You’ve spent years working passionately and relentlessly to build a business empire and it’s inevitable that at some stage you’ll consider an exit. Whether its retirement, moving onto pastures new or handing over the company to a larger organisation, here are our five steps to sale success.

1.    Preparation

Preparing for a sale as early as possible provides enough time to invest in a spot of housekeeping to ensure your company and its records are in order. Improving your financial information, company structure and client base will put potential buyers at ease and keep the business running smoothly throughout the sale process.

Despite the availability of bank funding in short supply, there’s currently huge demand from private equity houses and strategic buyers interested in snapping up profitable businesses, which makes now an ideal time to go to market.

2.    Setting the price

By reviewing similar deals in the marketplace at that time, your advisory team can determine a realistic picture of how much your business is worth, ensuring it isn’t priced too low or high.

Once a figure has been agreed, it’s crucial that your business continues to grow. Buyers are particularly interested in the growth potential of a company, which is why you must demonstrate its scalability. Don’t simply rest on your laurels by ensuring that you continue to look for growth opportunities and efficiency measures in all areas of the firm.

3.    Negotiation

This is where your advisor’s experience proves vital to ensure a favourable sale for both seller and buyer. Often the hardest part is remaining patient. Whilst many entrepreneurs think they’re excellent negotiators, trying to coordinate a business sale can prove far more intense and time-consuming. Getting the best results requires a combination of speed, predictability and coordination.

4.    Due diligence

Buyer due diligence usually includes a review of all accounting, tax, banking, legal, HR, IT and property, as well as investigating your customers, products, environmental issues, outstanding litigation and so on.

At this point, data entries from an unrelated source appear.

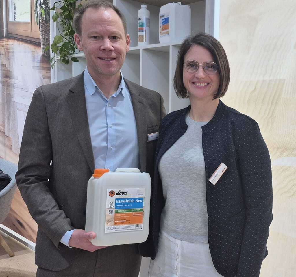 Loba-Geschäftsführer Mario Probst und Chiara Brutti (Leiterin Marketing & Kommunikation) freuen sich über ein Umsatzplus von sechs Prozent, das der Oberflächenspezialist im letzten Jahr erzielen konnte. Im Mittelpunkt der Präsentation standen der neue 1K-Parkettlack Speed und EasyFinish Neo mit seiner besonderen Rezeptur auf Basis nachwachsender Rohstoffe. - © bwd
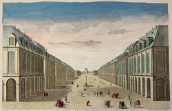 The optical machines used for these prints had a lens which enhanced for viewers the magnification and perception of three-dimensional depth of the scenes depicted. A mirror was often used so that the perspective prints could be viewed when laid flat, and in these cases the images were viewed in reverse. It is therefore not unusual that the scenes shown were drawn in reverse, and there is also often a title printed in reverse along the top, allowing the viewers to quickly read the title. There was usually further text at the bottom of the prints, often in several languages, which could be read by the operator of the optique for the benefit of his audience. The most characteristic feature of the perspective views is their emphasized linear perspective, done to further intensify the enhanced appearance of depth and illusionistic space in the prints when viewed through an optique. Another attribute of these prints is their bright, often crude hand coloring, applied boldly so to show the tints when viewed through the lens. The prints usually have a series of colors of blue, pink and yellow are common crossing in bands from side to side, with bright highlights often including red. These cheerful and colorful images, with their fascinating history and peculiar appearance, make for unusual and appealing eighteenth-century prints. It is quite common for these prints to have condition issues of sports, stains, tears… as these prints were meant to be handled and used and not framed.
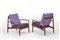 Coppia di poltrone. Produzione France & Son, Danimarca, 1954ca. Struttura in legno massello di teak, cuscini imbottiti e rivestiti in tessuto viola. Recante marchio del produttore alla base della seduta. (cm 73x73x73) (lievi difetti)
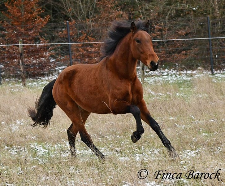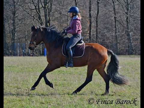 Rasse: PRE Name: Caprichosa CDXV Geschlecht: Stute Stockmaß: 160 cm Alter: 08.03.2021 Farbe: Braun Preis: 7500 € Vater: Malevolo del Pas v. Cubanon (Joven Reproductor) v. Ermitaño III (Majorante + Elite) Mutter: Temprana Noble v. Indiano LVI Caprichosa, ist eine hübsche, schlanke, bewegungsstarke Lady mit freundlichem Charakter. Caprichosa wurde gekauft um als Zuchtstute eingesetzt zu werden. Manchmal kommt es aber im Leben dann doch anders und die Pläne der Besitzerin konnten aus persönlichen Gründen nicht umgesetzt werden. So hatte die süße Caprichosa einen schönen Sommer auf der Weide und wurde nur gelegentlich geritten. Bei uns wird Sie seit Oktober wieder gearbeitet. Sie zeigt sich unter dem Reiter als arbeitswillig, sitzbequem, fleißig und lernbereit. Caprichosa ist in den GGA geritten. Ihr besonderes Steckenpferd ist das Gelände. Hier fühlt Sie sich absolut Zuhause. Ob in der Gruppe oder auch alleine. Auch hier zeigte sie sich aufmerksam, schaut sich neue Sachen kurz an und lässt sich dann aber gut überzeugen, weiter zu gehen. Insgesamt kennt Caprichosa mehr Gelände als Viereck. Caprichosa hat ein Raumgreifenden Trab und eine tolle Bergaufgaloppade. Ihre Bewegungen sind typvoll und sitzbequem. Auch zu einem Sprung sagt sie nicht nein und wäre noch vielseitig förderbar. Eine tolle Maus mit soliden Grundlagen die auf neue Abendteuer wartet! Kontakt: Finca Barock, Tel. 0173-696 31 81, 56291 Wiebelsheim
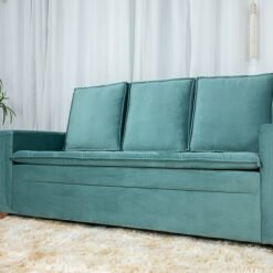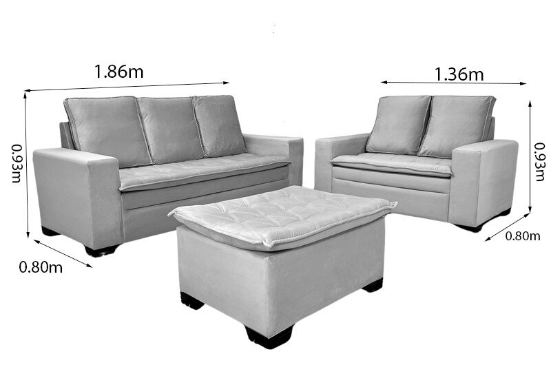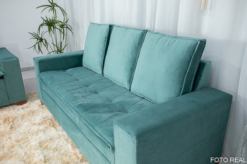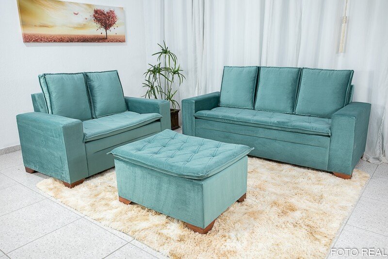 3{%%}Descrição{%%}Sofá 3 e 2 lugares França com Puff Veludo Verde A40 Larg. 1.86m
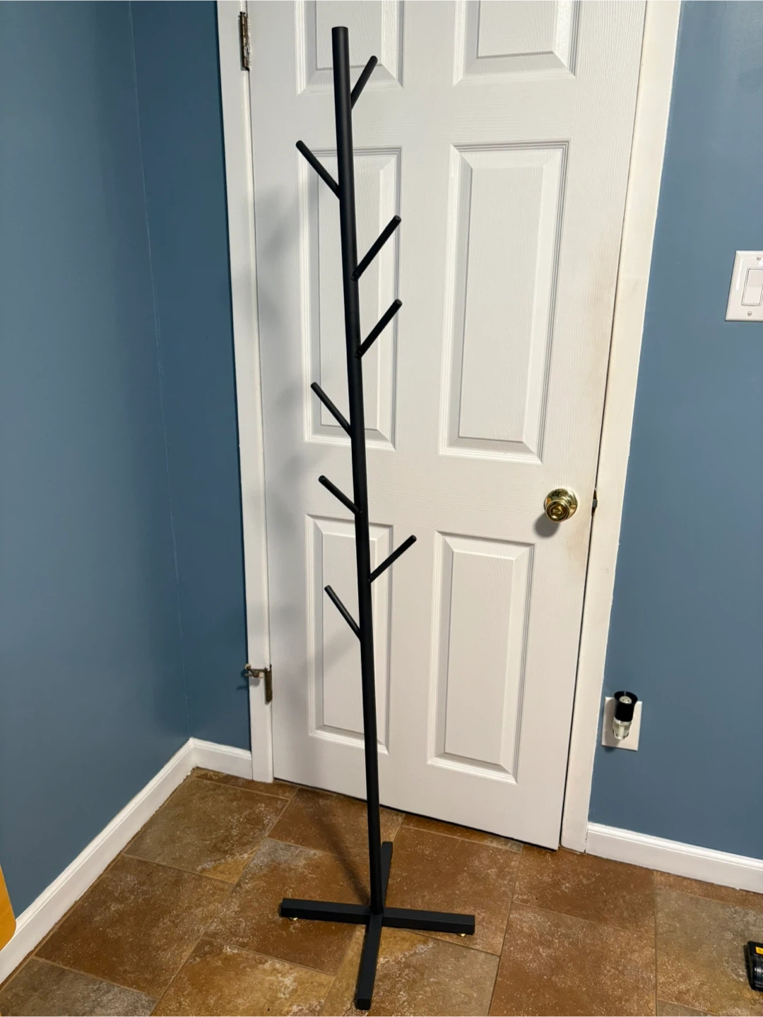 Selling a black metal coat rack in great condition! It's perfect for hanging coats, hats, and bags. This coat rack is a stylish and functional addition to any entryway or room
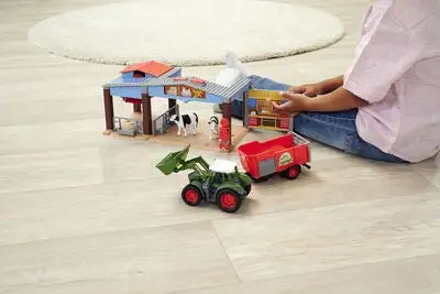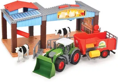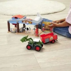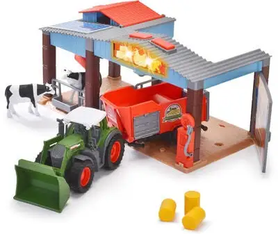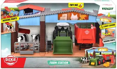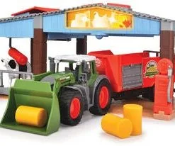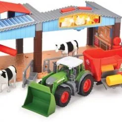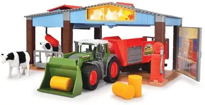 Bondegårdsstasjon fra Dickie Toys med bevegelige deler. Den har realistiske lys- og lydeffekter og en traktor med et frihjul og en tilhenger. Bondegårdsstasjonen har to kuer og tre høyballer. Perfekt for å øve opp barnets fantasi og finmotorikk. – Inneholder: 1 Bondegårdsstasjon, 1 traktor, 2 kuer, 3 høyballer. – CE-merket. – Anbefalt alder: fra 3 år. – Plast. – Batteri: 2xAAA (inkludert).
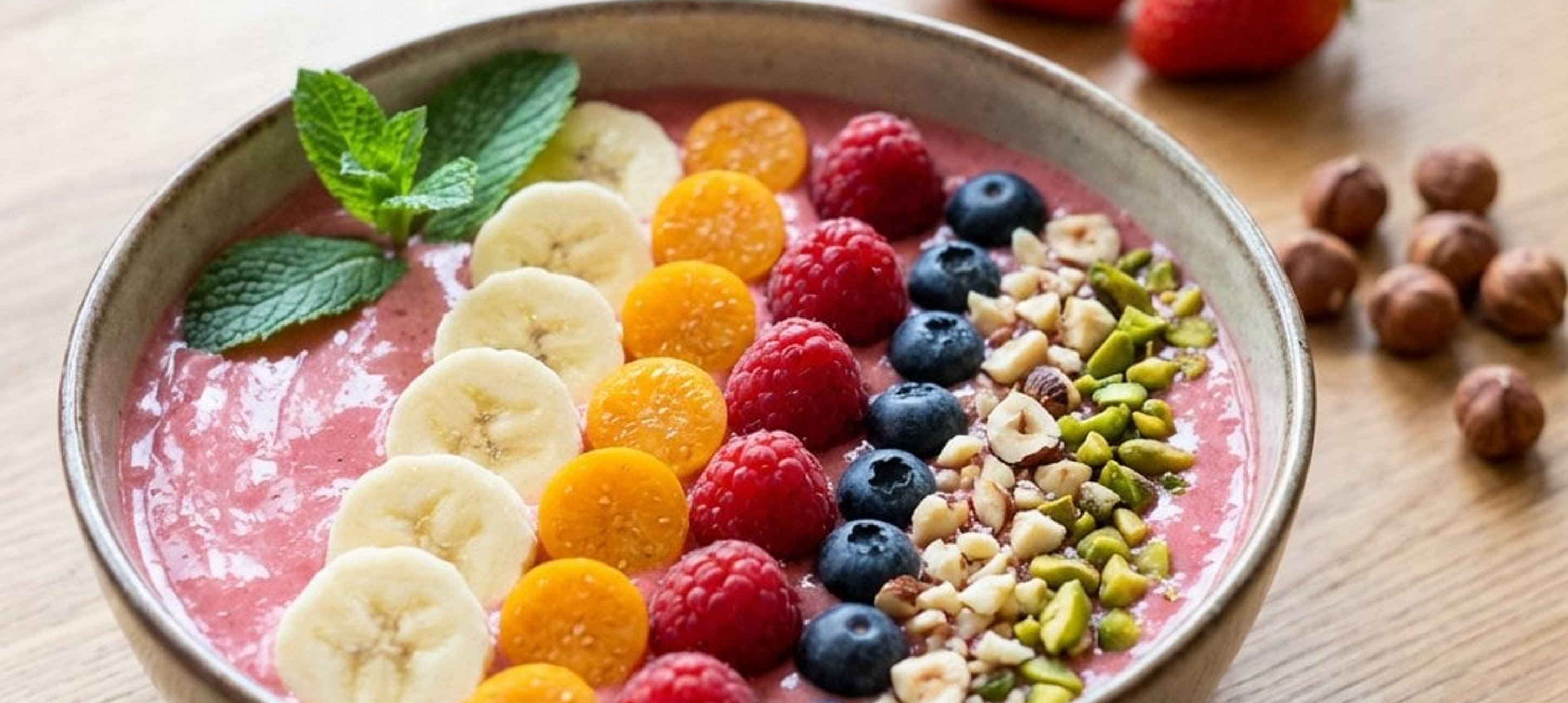 - 2Den Smoothie in zwei Schalen füllen. Die zweite Banane in Scheiben schneiden. Die Bowl mit den Bananenscheiben, Physalis, frischen Himbeeren, Heidelbeeren, gehackten Haselnüssen und Pistazien garnieren.
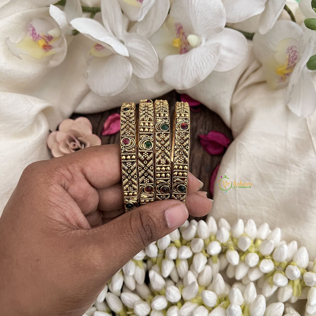 Add a touch of vibrant elegance with the Vriksham Textured Design Bangles set. Featuring four beautifully crafted bangles embellished with striking red and green stone accents, these bangles showcase intricate texture work that enhances their rich appeal. Ideal for complementing traditional and formal attire, this set brings a refined and sophisticated finishing touch to your look.
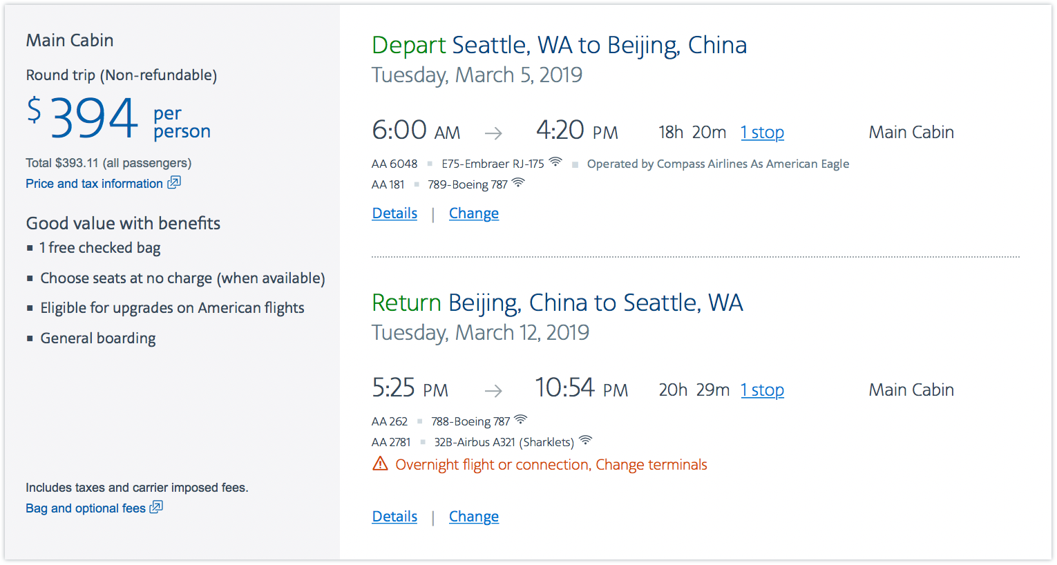 Seattle (SEA) to Beijing (PEK) in March 2019 for $394 round-trip on American:
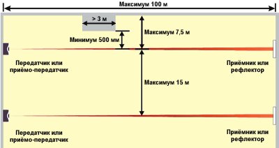 Линейные дымовые датчики должны устанавливаться таким образом, чтобы расстояние от любой точки защищаемого помещения в горизонтальной проекции до ближайшей точки оптического луча не должно превышать 7,5 метров, т.е. контролируется полоса шириной 15 метров (рис. 9).
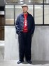 差し色のレッドがアクセントの効いたアメカジコーデ。 短丈のワンウォッシュデニムブルゾンとレイヤードで差し色をチラ見せするのがポイント。 パンツはレッドを誇張する為、ブラックをチョイスして大人っぽさもプラス。
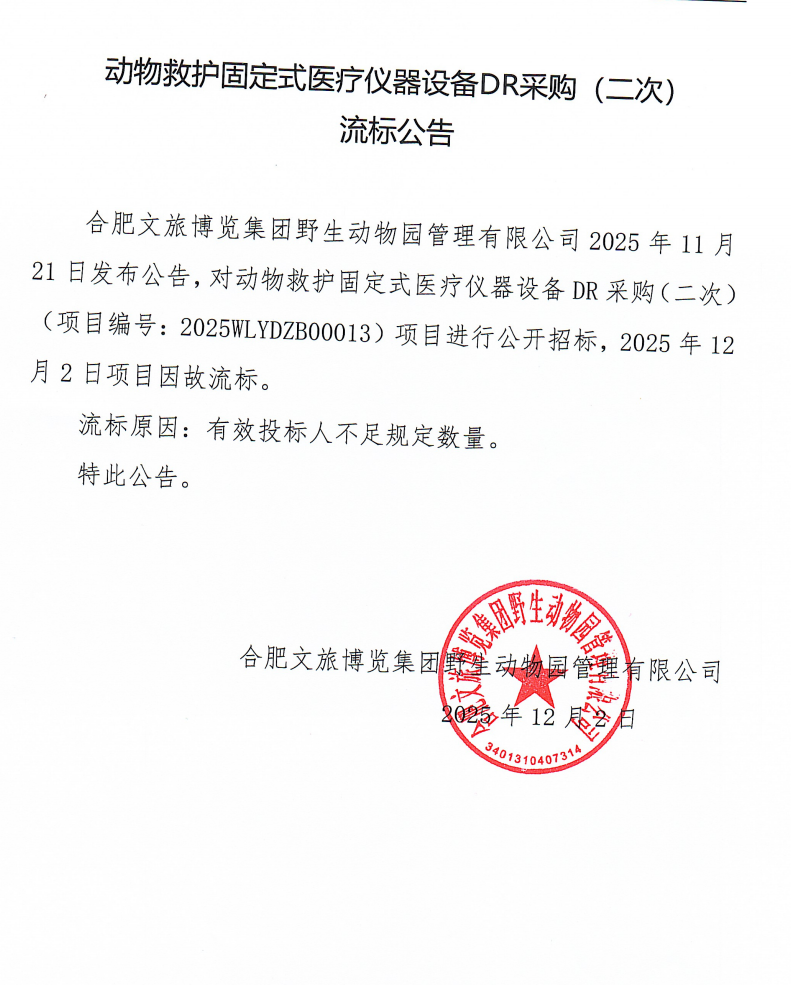 動物救護固定式醫(yī)療儀器設(shè)備DR采購(二次)流標(biāo)公告
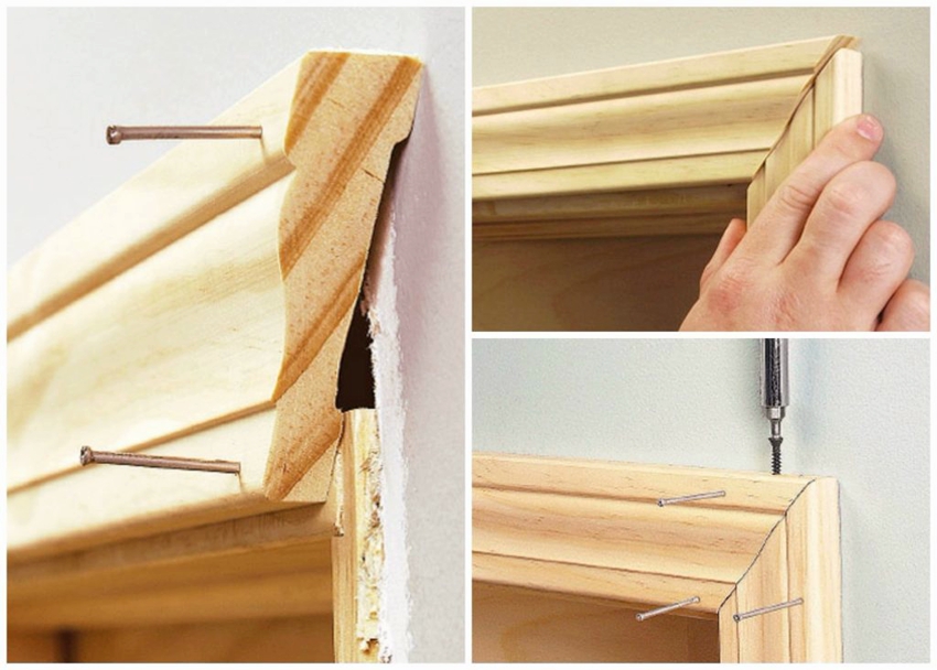 - pengancing platband pada sudut 90 darjah dilakukan dengan jahitan mendatar atau menegak. Pilihan bergantung pada pilihan pemiliknya. Apabila penguasaan pintu dipasang dengan tangan anda sendiri pada sudut yang betul, tempat kosong hanya digunakan dalam bentuk rata. Tempat pemotongan dirawat dengan cat berasaskan varnis atau akrilik.
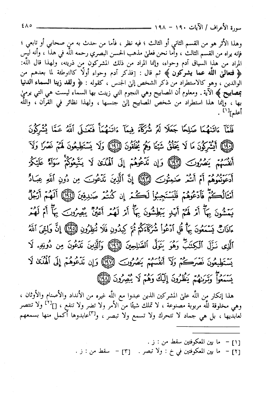 وَهَذَا الْأَثَر هُوَ الْقِسْم الثَّانِي أَوْ الثَّالِث فِيهِ نَظَر فَأَمَّا مَنْ حَدَّثَ بِهِ مِنْ صَحَابِيّ أَوْ تَابِعِيّ فَإِنَّهُ يَرَاهُ مِنْ الْقِسْم الثَّالِث وَأَمَّا نَحْنُ فَعَلَى مَذْهَب الْحَسَن الْبَصْرِيّ رَحِمَهُ اللَّه فِي هَذَا وَأَنَّهُ لَيْسَ الْمُرَاد مِنْ هَذَا السِّيَاق آدَم وَحَوَّاء وَإِنَّمَا الْمُرَاد مِنْ ذَلِكَ الْمُشْرِكُونَ مِنْ ذُرِّيَّته وَلِهَذَا قَالَ اللَّه " فَتَعَالَى اللَّه عَمَّا يُشْرِكُونَ " ثُمَّ قَالَ فَذَكَرَ آدَم وَحَوَّاء أَوَّلًا كَالتَّوْطِئَةِ لِمَا بَعْدهمَا مِنْ الْوَالِدَيْنِ وَهُوَ كَالِاسْتِطْرَادِ مِنْ ذِكْر الشَّخْص إِلَى الْجِنْس كَقَوْلِهِ " وَلَقَدْ زَيَّنَّا السَّمَاء الدُّنْيَا بِمَصَابِيح " الْآيَة وَمَعْلُوم أَنَّ الْمَصَابِيح وَهِيَ النُّجُوم الَّتِي زُيِّنَتْ بِهَا السَّمَاء لَيْسَتْ هِيَ الَّتِي يُرْمَى بِهَا وَإِنَّمَا هَذَا اِسْتِطْرَاد مِنْ شَخْص الْمَصَابِيح إِلَى جِنْسهَا وَلِهَذَا نَظَائِر فِي الْقُرْآن وَاَللَّه أَعْلَم.
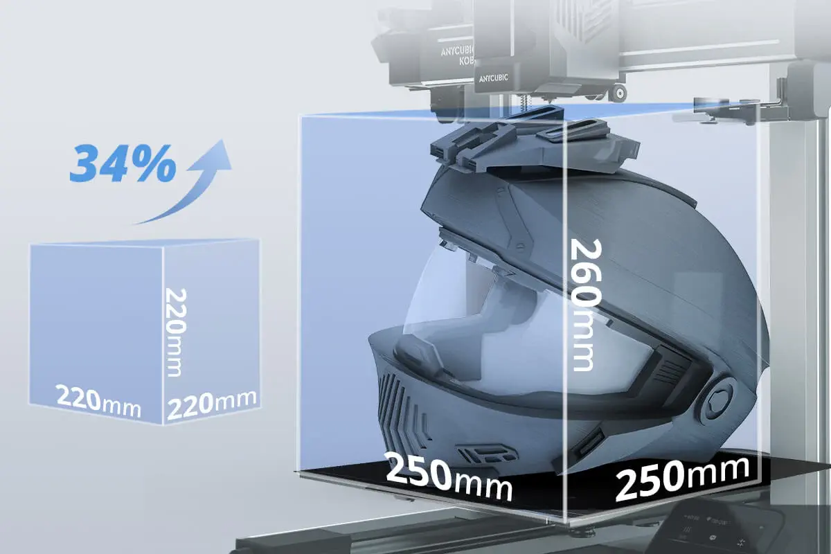 Print Volume: 250 × 250 × 260 mm (Width × Depth × Height)
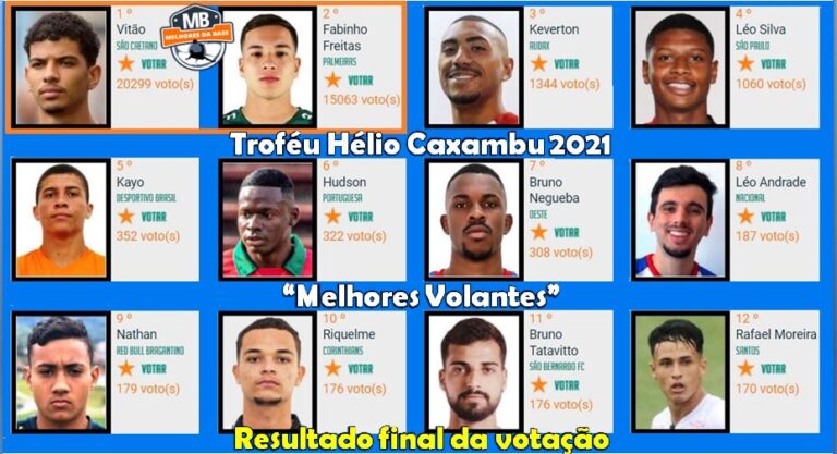 Assim terminou a votação para escolher a DUPLA ganhadora do Troféu Hélio Caxambu 2021 os escolhidos por votação aberta em nosso portal os ganhadores foram Vitão do São Caetano que receberá como “Melhor Volante” e Fabinho do Palmeiras ficou com o “Melhor 2º Volante. Ambos contaram com expressiva votação numa disputa entre os Doze Volantes selecionados dentre os Clubes que iniciaram o Paulista Sub-20 e receberão suas merecidas premiações. Parabenizamos todos atletas que participaram não só da disputa, bem como do disputadíssimo Paulista Sub-20 / 2021. O Melhores da Base deseja sucesso em suas carreiras e em seus novos desafios.
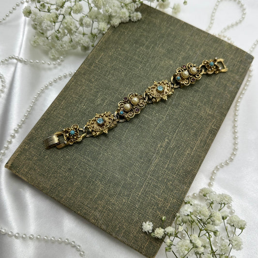 Blue Stone Chain Bracelet with Vintage Copper 14k GF Watch

This is one stage of the process that tends to linger on, with some business owners agreeing to items they don’t want / need and selling at a lower price than they deserve, just to speed things up.

Before committing to the deal, the purchaser will want to verify everything they’ve been told about the business, as well as identify any items which could justify a lower sale valuation. While you don’t have to legally volunteer information that could deter a buyer, concealing important information or lying could open you up to a future legal claim.

Remember to stick to your guns and trust the judgements of your advisor, who is working hard to get you the best possible outcome.

5.    Maximising the proceeds

Regular changes in legislation make it important that you remain aware of any tax, legal or sector-specific issues that could impact the sale profits – something that your advisor can assist with.

And now celebrate! Once the documentation is signed, funds transferred and business changed hands, it’s time to enjoy the fruits of your labour!

We understand that selling your business can be complicated and stressful, which is why it’s essential to seek help from a specialist team with genuine business acumen, like Champion Accountants, that can assist with what will probably be the biggest financial transaction of your life.

Our proven track record of selling businesses from £1m – £20m can make a real difference in maximising value and minimising distraction. For more information, contact Ged Cosgrove on 0161 703 2500 or email info@championgroup.co.uk.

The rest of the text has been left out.